Поэт, давно искавший героический идеал, готов славословить размах народного движения, «океан народной страсти». В мощном гуле восстания ему слышится «знакомая песнь» истории. Восхищаясь размахом событий, Брюсов клеймил половинчатость буржуазного либерализма, пошлое самодовольство обывателей, поднимаясь до уровня высокой политической сатиры («Довольным»).

В отличие от довольных малым Брюсов приветствовал крушение современного общественного строя и предчувствовал, что революция может привести к полной гибели старого мира. В то же время такая перспектива вызывала у него смятение и даже сожаление о погибающем мире, вернее о его культуре, которую он, как и многие другие, тоже считал обреченной на уничтожение. Потому описания революционной бури подчас окрашивались у него в элегические тона: «Мир заветный, мир прекрасный Сгибнет в бездне роковой» («Лик Медузы», 1905). Наиболее наглядно и последовательно позиция Брюсова выразилась в «Грядущих гуннах» (1904–1905) – стихотворении, построенном на неправомерной аналогии между древними кочевниками и восставшим народом.

Разделяя ложное представление о неизбежной гибели старой культуры вместе с обреченным социальным укладом, Брюсов отнюдь не делал из него вывода о необходимости остановить революцию, что принципиально отличало его позицию от взглядов символистов типа Мережковского. Брюсов соглашался принять революцию, даже если она уничтожит священную для него культуру старого мира. Этот вывод – один из основных в его политической лирике, недаром он чаще всего встречается в концовках, как идейно-художественный итог всего стихотворения:

Бесследно все сгибнет, быть может,Что ведомо было одним нам,Но вас, кто меня уничтожит,Встречаю приветственным гимном.(1, 433)

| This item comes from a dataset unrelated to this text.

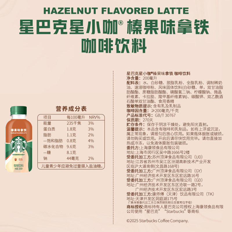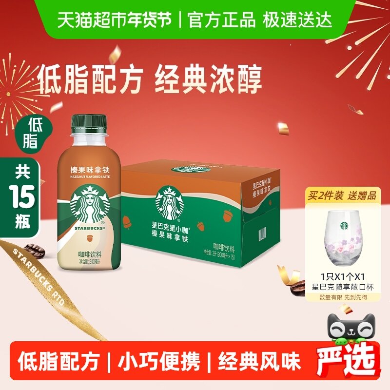 📚 Starbucks/星巴克星小咖榛果拿铁200ml*15瓶即饮咖啡饮料
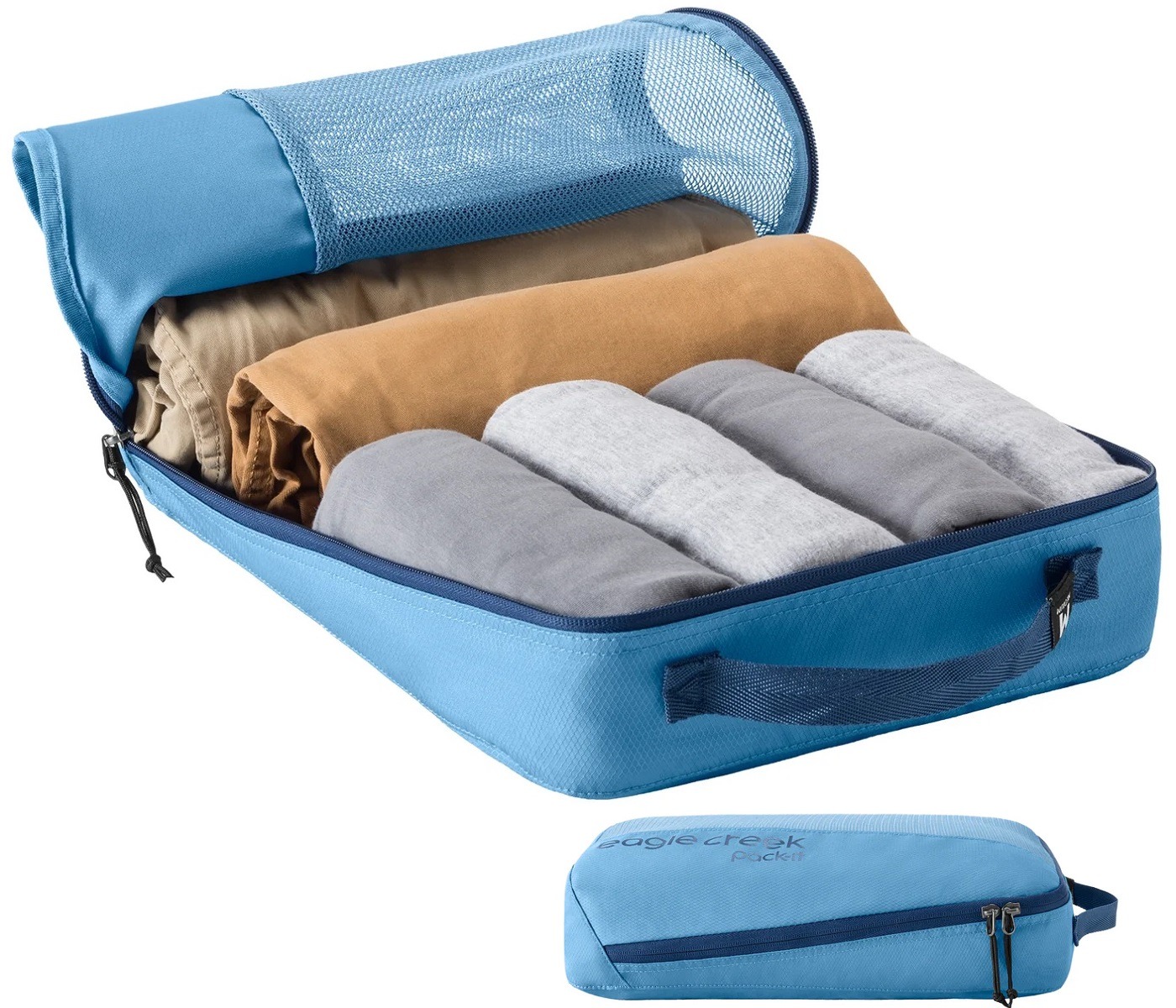 Made by Eagle Creek, the word is “ORGANIZE” and these packing cubes help you do so.  Packing, and unpacking, and finding your stuff has never been so easy!

Революция заставила Брюсова пересмотреть свое понимание роли художника и в ряде случаев отойти от критерия «искусство для искусства». Во второй редакции «Кинжала» поэт превратился в «песенника борьбы»; в «Лике Медузы» Брюсов утверждал, что художник «в мире эхо Всех живых, всех мощных сил». В обращении «К народу. Vox populi…» (1905) содержалось признание и прославление народа-языкотворца:

Ты дал мне, народ, мой драгоценнейший дар:Язык, на котором слагаю я песни.В моих стихах возвращаю твои тайны – тебе!(3, 287)

В политической лирике отчетливо выступила новая стилистическая ориентация, с одной стороны, на русскую гражданскую поэзию XIX в., с другой – на творчество Верхарна. Полоса наиболее напряженной работы Брюсова над переводами Верхарна приходилась именно на это время. Осенью 1905 г. Брюсов умолял Чулкова воспользоваться временно достигнутой свободой печати, чтобы опубликовать новые переводы Верхарна: «Этого очень хочу. Верхарн воистину революционный поэт и надо, чтобы его узнали теперь».[750] 5 марта 1906 г. Брюсов писал издателю «Журнала для всех» В. С. Миролюбову: «Посылаю Вам „Восстание“ Верхарна, переведенное мною в декабрьские московские дни».[751] Некоторые произведения Верхарна благодаря Брюсову появились в русском переводе раньше, чем были напечатаны во Франции (поэма «Золото», драма «Елена Спартанская»).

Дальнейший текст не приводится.